**PROBLEM STATEMENT**
Repeat word for word the lines from the top of the records through the line containing "Gambar 1. 2 Kondisi PKL sebelum di relokasi", and skip the pictures.
*** Begin section ***
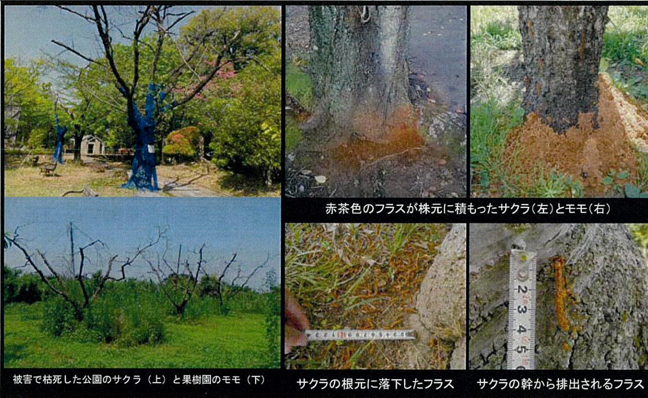
赤茶色のフラスが株元に積もったサクラ(左)とモモ(右)
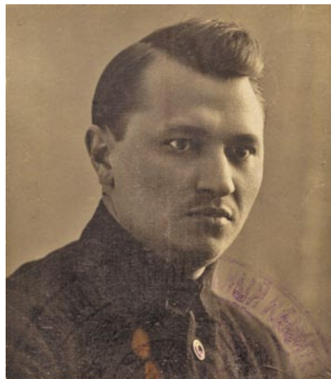
Д.Ф. Прышчэпаў. 1920-я гады

У кастрычніку 1929 года Дзмітрый Прышчэпаў быў адпраўлены на працу ў Мазырскую акругу. Яго пераемнік на пасадзе наркама земляробства БССР П. Рачыцкі сваім загадам прызначыў Д. Прышчэпава загадчыкам Палескай
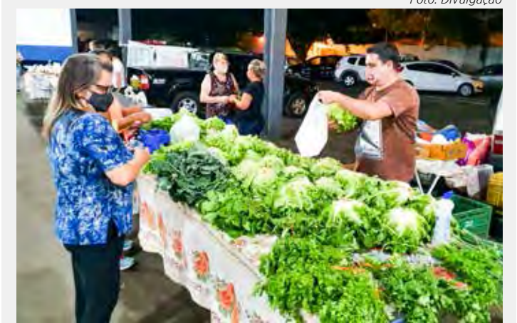
Além dos hortifrutis, feiras também oferecem gastronomia e outros produtos
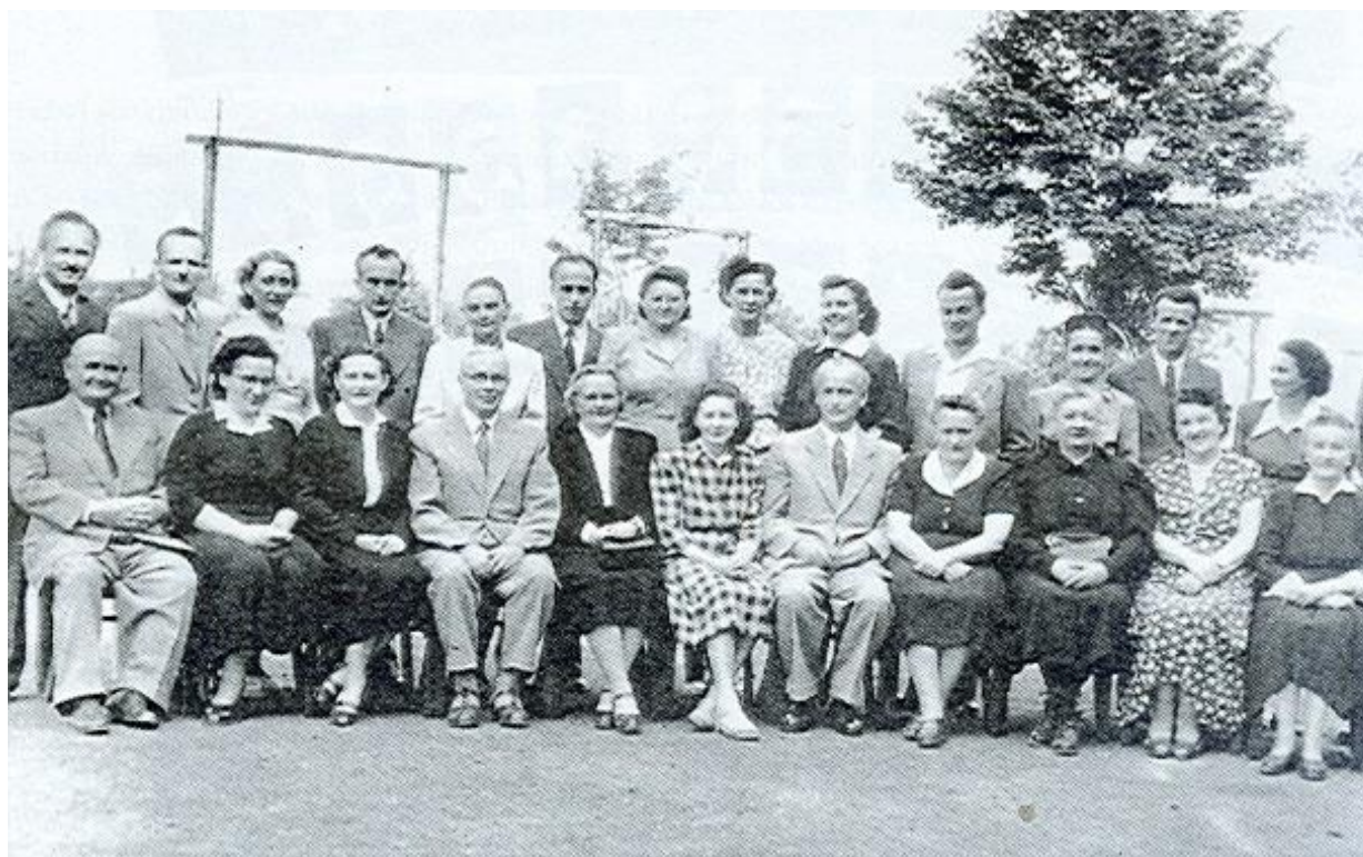
A Központi Általános Iskola tantestületének tanári kara 1956-ban.
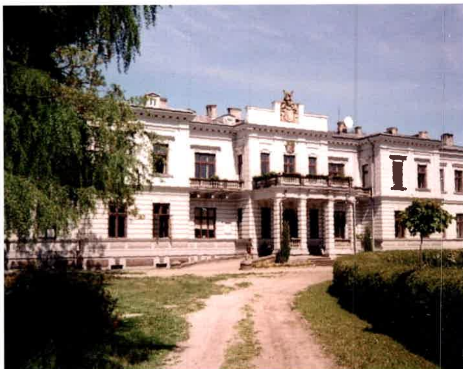
Pałac w Szymanowie

Na zachodnim Mazowszu zwiedzić kilka rezydencji wyjątkowych w skali kraju takich jak te w: Miedniewicach, Guzowie, Szymanowie czy Teresinie. Potem jeszcze koncert muzyki
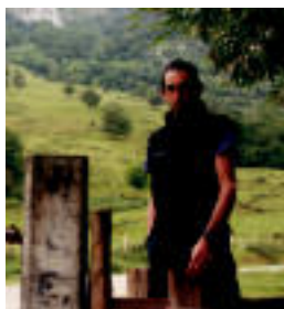
Heldu den udan berriz saiatuko da bere erroka gainditzeko. R. CALVO

TOLOSA Patxi Caminosek ez zuen lortu Txindokira 12 aldiz igotzea 24 ordutan <
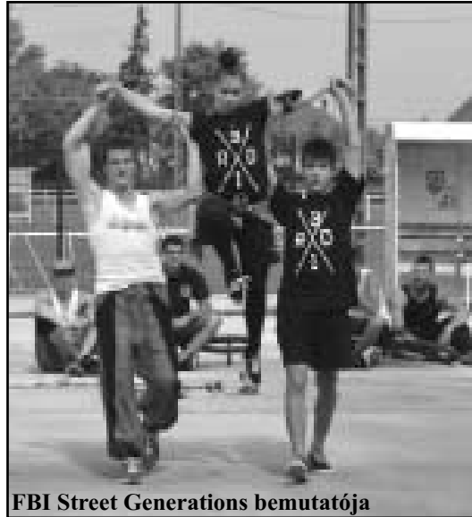
FBI Street Generations bemutatója
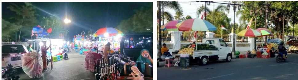
Gambar 1. 2 Kondisi PKL sebelum di relokasi

Sentra PKL Food Colony bukan satu-satunya sentra PKL di Pamekasan, terdapat beberapa sentra PKL lainnya yang telah beroperasi terlebih dahulu daripada Food Colony . Antara lain Sae Salera yang telah beroperasi sejak tahun 2010 dengan jumlah 60 pedagang, sentra eks PJK yang diresmikan pada tahun 2018 dan menampung 74 pedagang, serta sentra Sae Rassa yang disahkan pada tahun 2023 dengan jumlah 63 pedagang.
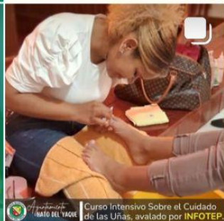
Curso Intensivo Sobre el Cuidado de las Uñas, avalado por INFOTEP.
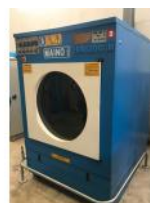
Referencia: ATG-005 SECADORA Año: 1998 Marca: MAINO
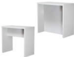
Art. 29024/ 29027 Brückentischstehtisch 120x70 / BT mit Blende
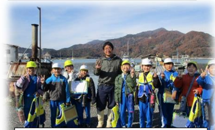
3年生 牡蠣・真珠養殖見学
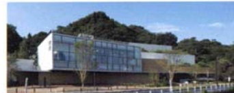
川崎市藤子・F・不二雄ミュージアム
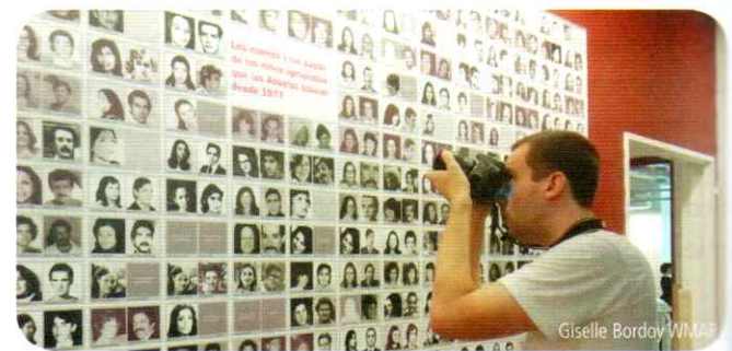
Mural con las fotografías de los padres y las madres de los nietos apropiados durante la dictadura, en la sede de Abuelas de Plaza de Mayo.

Durante esta etapa, todas estas organizaciones buscaron coordinar acciones y fortalecerse mutuamente. Ante las miles de detenciones y desapariciones se compartieron diversos actos públicos y se firmaron documentos, cartas abiertas y pronunciamientos en forma conjunta. Los organismos de derechos humanos reunían no solo a los afectados directos o a sus familias, sino a todos aquellos que no podían desempeñar sus actividades habituales en las organizaciones políticas o gremiales. Además, buscaron apoyo internacional en reclamo a los abusos de la dictadura. Las denuncias sobre los secuestros y desapariciones recibieron el apoyo de organismos extranjeros, como Amnesty International, y de los gobiernos de distintos países.
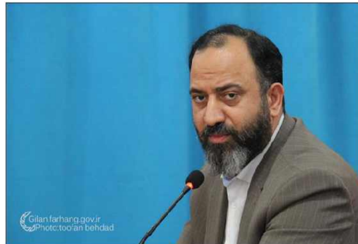
مدیرکل فرهنگ و ارشاد اسلامی گیلان با اشاره به تشکیل کارگروه های پژوهشی و مشورتی در شورای فرهنگ عمومی گیلان افزود: همه شهرستان ها دارای هسته های پژوهشی و مشورتی در شورای فرهنگی خود بوده و جلسات آن را برگزار کردند.

مدیرکل فرهنگ و ارشاد اسلامی گیلان عدم دسترسی مردم به پوشاک عقیفانه را مشکل دیگر در حوزه ترویج حجاب دانست و با اشاره به رویکرد سبلی مناسب در این خصوص اذعان کرد: باید پوشاک اسلامی به راحتی در دسترس مردم باشد.
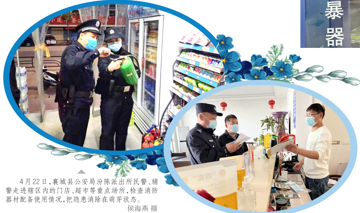
4月22日,襄城县公安局汾陈派出所民警、辅警走进辖区内的门店、超市等重点场所,检查消防器材配备使用情况,把隐患消除在萌芽状态。侯海燕 摄
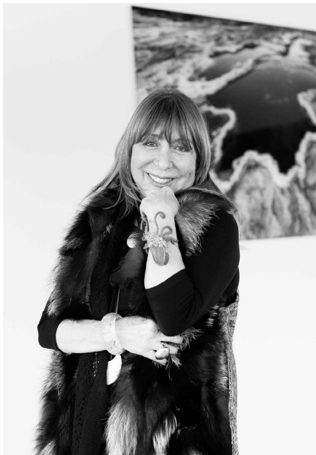
Uno scatto dell'artista Rossella Pezzino de Geronimo

Nel 2000 ricomincia a scattare foto. Organizza viaggi in tutto il mondo, Birmania, India, vive con le tribù dei luoghi che visita.
*** End section ***
**FINAL ANSWER**
赤茶色のフラスが株元に積もったサクラ(左)とモモ(右)
Д.Ф. Прышчэпаў. 1920-я гады

У кастрычніку 1929 года Дзмітрый Прышчэпаў быў адпраўлены на працу ў Мазырскую акругу. Яго пераемнік на пасадзе наркама земляробства БССР П. Рачыцкі сваім загадам прызначыў Д. Прышчэпава загадчыкам Палескай
Além dos hortifrutis, feiras também oferecem gastronomia e outros produtos
A Központi Általános Iskola tantestületének tanári kara 1956-ban.
Pałac w Szymanowie

Na zachodnim Mazowszu zwiedzić kilka rezydencji wyjątkowych w skali kraju takich jak te w: Miedniewicach, Guzowie, Szymanowie czy Teresinie. Potem jeszcze koncert muzyki
Heldu den udan berriz saiatuko da bere erroka gainditzeko. R. CALVO

TOLOSA Patxi Caminosek ez zuen lortu Txindokira 12 aldiz igotzea 24 ordutan <
FBI Street Generations bemutatója
Gambar 1. 2 Kondisi PKL sebelum di relokasi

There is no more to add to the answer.